**Prompt**
Retype, exactly as they stand, the lines from the start of the data to the line that contains "(台北26日综合电)长荣航空", both ends included. Leave the pictures out.

══════

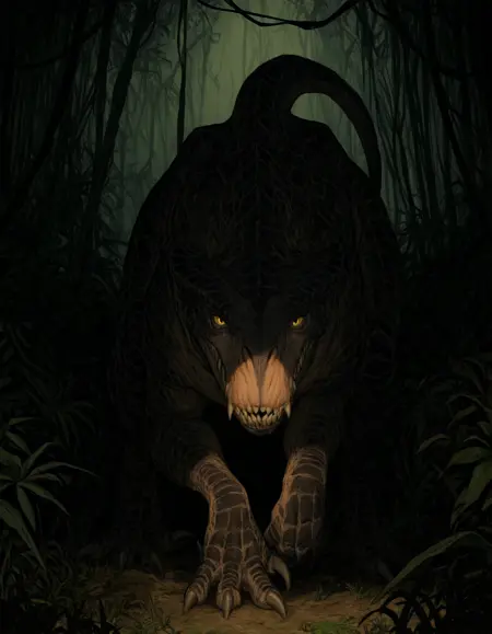 多くの者によって究極のジャングルハンターと見なされ、中には2階分にも及ぶほどの高さに成長するものもいる。これらの巨大な爬虫類の怪物は、力強く、攻撃的で、長く筋肉質な後脚と、大きく強力な頭部のバランスをとるために用いられる重い尾を備えている。獲物の匂いを嗅ぎつけるか、わずかな動きでも目撃すると、カルノサウルスは驚異的な速さで大きな strides で突進し、その巨大な体躯とは思えないほどのスピードで移動する。
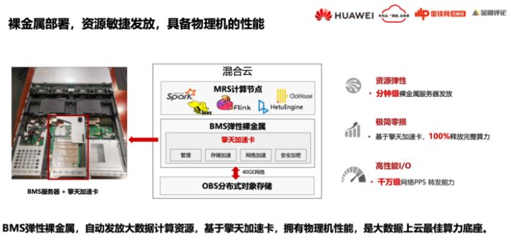 网络部分有专门的擎天网络加速卡,对裸机网络进行管理,而且网络性能比原来的物理网卡的性能更高,在裸金属服务器上开展大规模大数据业务是云上的最佳部署方案。
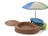 Возраст:2+. Крышка песочницы, защищает от плохой погоды и загрязнения. Можно использовать, как бассейн, оснащена сливом воды
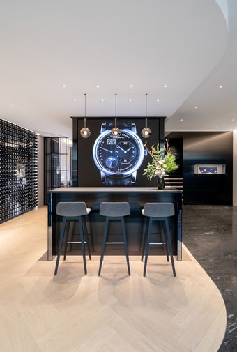 A. Lange & Söhne's precisely made wristwatches are displayed throughout the shop, which is also fitted with an exclusive, private VIP area.
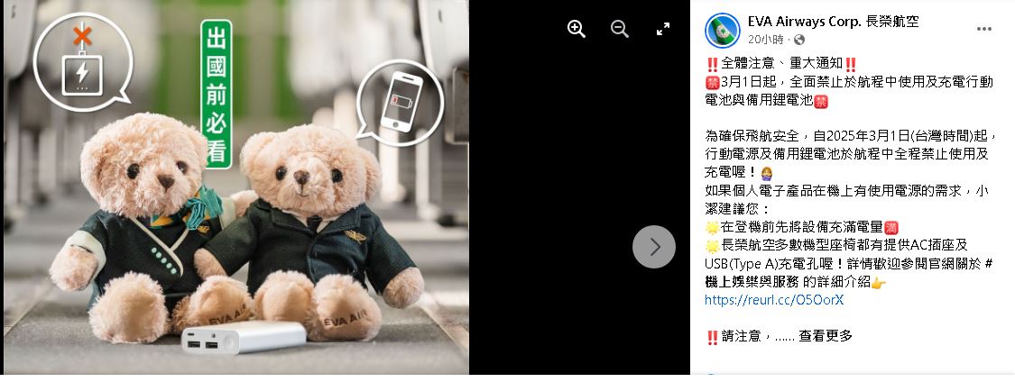 (台北26日综合电)长荣航空于脸书官网公布,3月起禁止在机上使用行动电源或备用锂电池。
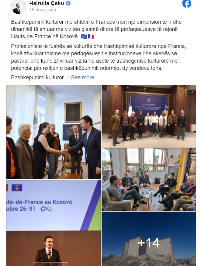 Çeku në postimin e tij në Facebook ka thënë se profesionistë të fushës së kulturës dhe trashëgimisë kulturore nga Franca, kanë zhvilluar takime me përfaqësuesit e institucioneve dhe skenës së pavarur dhe kanë zhvilluar vizita në asete të trashëgimisë kulturore me potencial për nxitjen e bashkëpunimit ndërmjet dy vendeve tona.
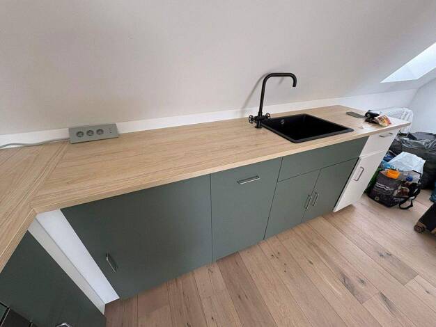 Die ruhig gelegene, sonnige 1,5 Zimmerwohnung befindet sich im Dachgeschoß in einem 1 Familienhaus. Die Einbauküche ist modern und funktionell ausgestattet. Die Einbaugeräte sind zur Ablöse. Wohnzimm...
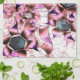 Hexagons surrounded by pinkish petal-like shapes tea towel

══════

**Answer space**
 多くの者によって究極のジャングルハンターと見なされ、中には2階分にも及ぶほどの高さに成長するものもいる。これらの巨大な爬虫類の怪物は、力強く、攻撃的で、長く筋肉質な後脚と、大きく強力な頭部のバランスをとるために用いられる重い尾を備えている。獲物の匂いを嗅ぎつけるか、わずかな動きでも目撃すると、カルノサウルスは驚異的な速さで大きな strides で突進し、その巨大な体躯とは思えないほどのスピードで移動する。
 网络部分有专门的擎天网络加速卡,对裸机网络进行管理,而且网络性能比原来的物理网卡的性能更高,在裸金属服务器上开展大规模大数据业务是云上的最佳部署方案。
 Возраст:2+. Крышка песочницы, защищает от плохой погоды и загрязнения. Можно использовать, как бассейн, оснащена сливом воды
 A. Lange & Söhne's precisely made wristwatches are displayed throughout the shop, which is also fitted with an exclusive, private VIP area.
 (台北26日综合电)长荣航空于脸书官网公布,3月起禁止在机上使用行动电源或备用锂电池。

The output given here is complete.